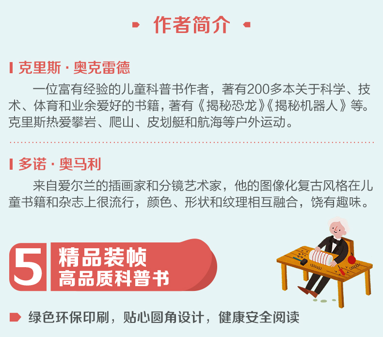 克里斯·奥克雷德是一位富有经验的儿童科普书作者,著有200多本关于科学、技术、体育和业余爱好的书籍,著有《揭秘恐龙》《揭秘机器人》等。克里斯热爱攀岩、爬山、皮划艇和航海等户外运动。
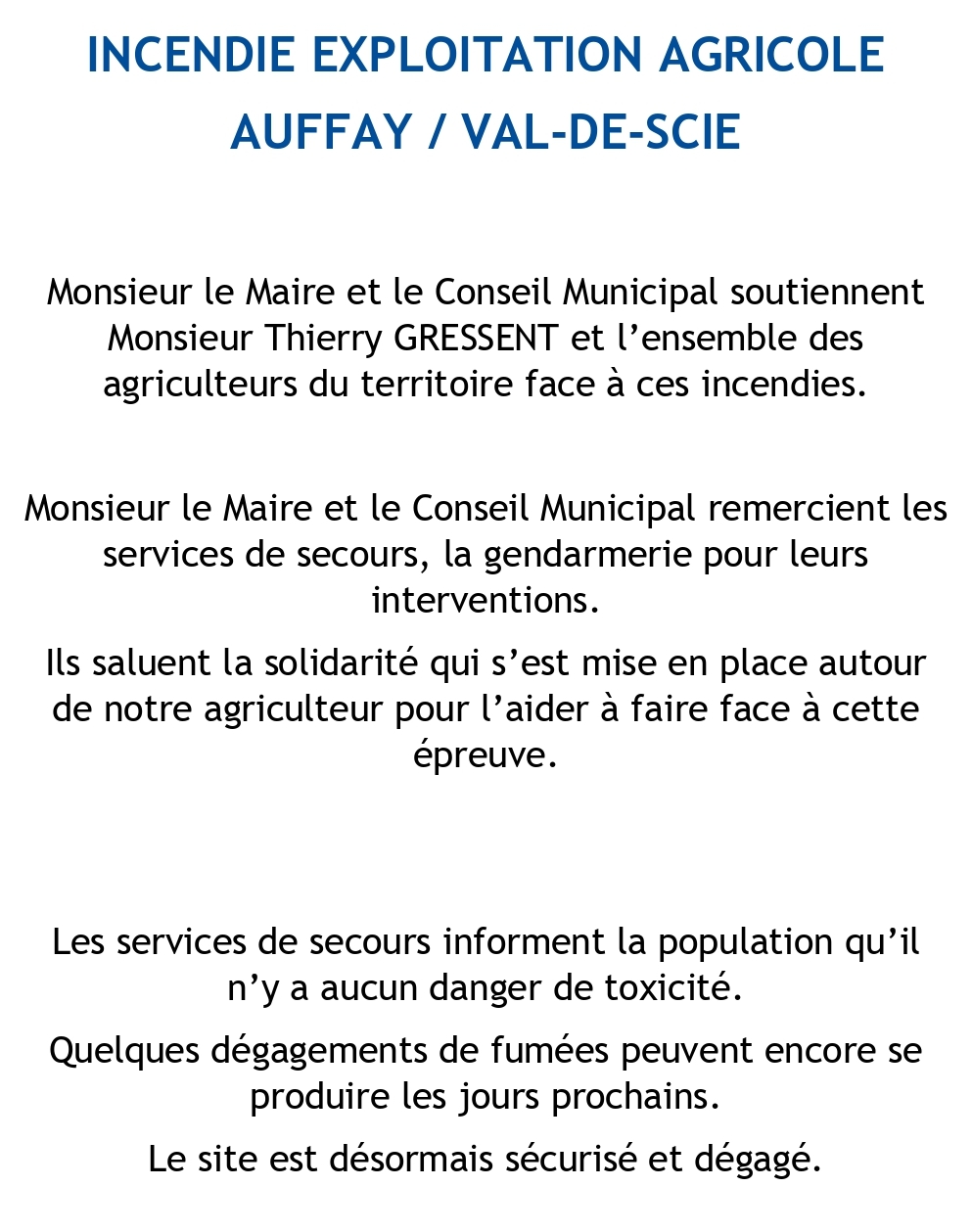 Incendie à Auffay | Soutien aux agriculteurs
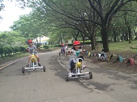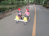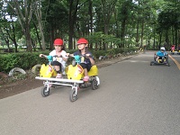 6月21日、1年生は生活科の学習でサングリーンパークに行ってきました。仲良く譲り合って思い思いの自転車に乗り、汗びっしょりになりました。
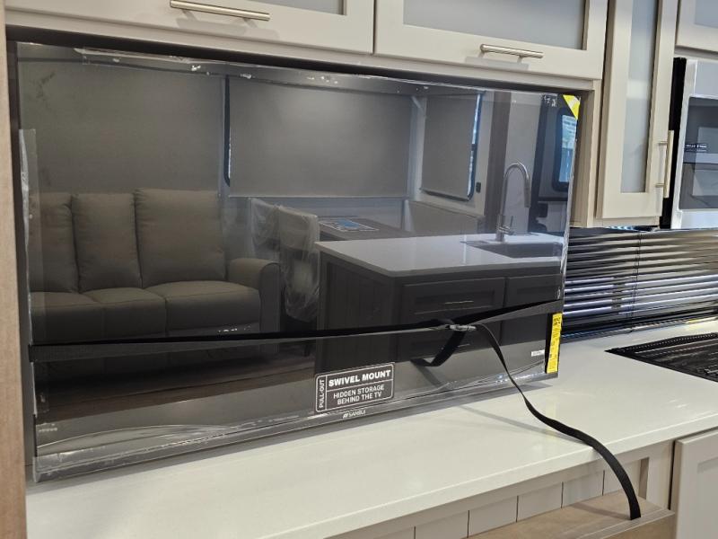 50" Class HDTV: Mounted on a swing arm with hidden storage behind for entertainment and clever storage space.

* * * * *

> [DIRECTIONS FOR THIS TASK]:
Copy nothing but the lines above from the one with "Incendie à Auffay | Soutien aux agriculteurs" through the end of the material, word for word, and drop the pictures.

> [RESULT BELOW]:
 Incendie à Auffay | Soutien aux agriculteurs
 6月21日、1年生は生活科の学習でサングリーンパークに行ってきました。仲良く譲り合って思い思いの自転車に乗り、汗びっしょりになりました。
 50" Class HDTV: Mounted on a swing arm with hidden storage behind for entertainment and clever storage space.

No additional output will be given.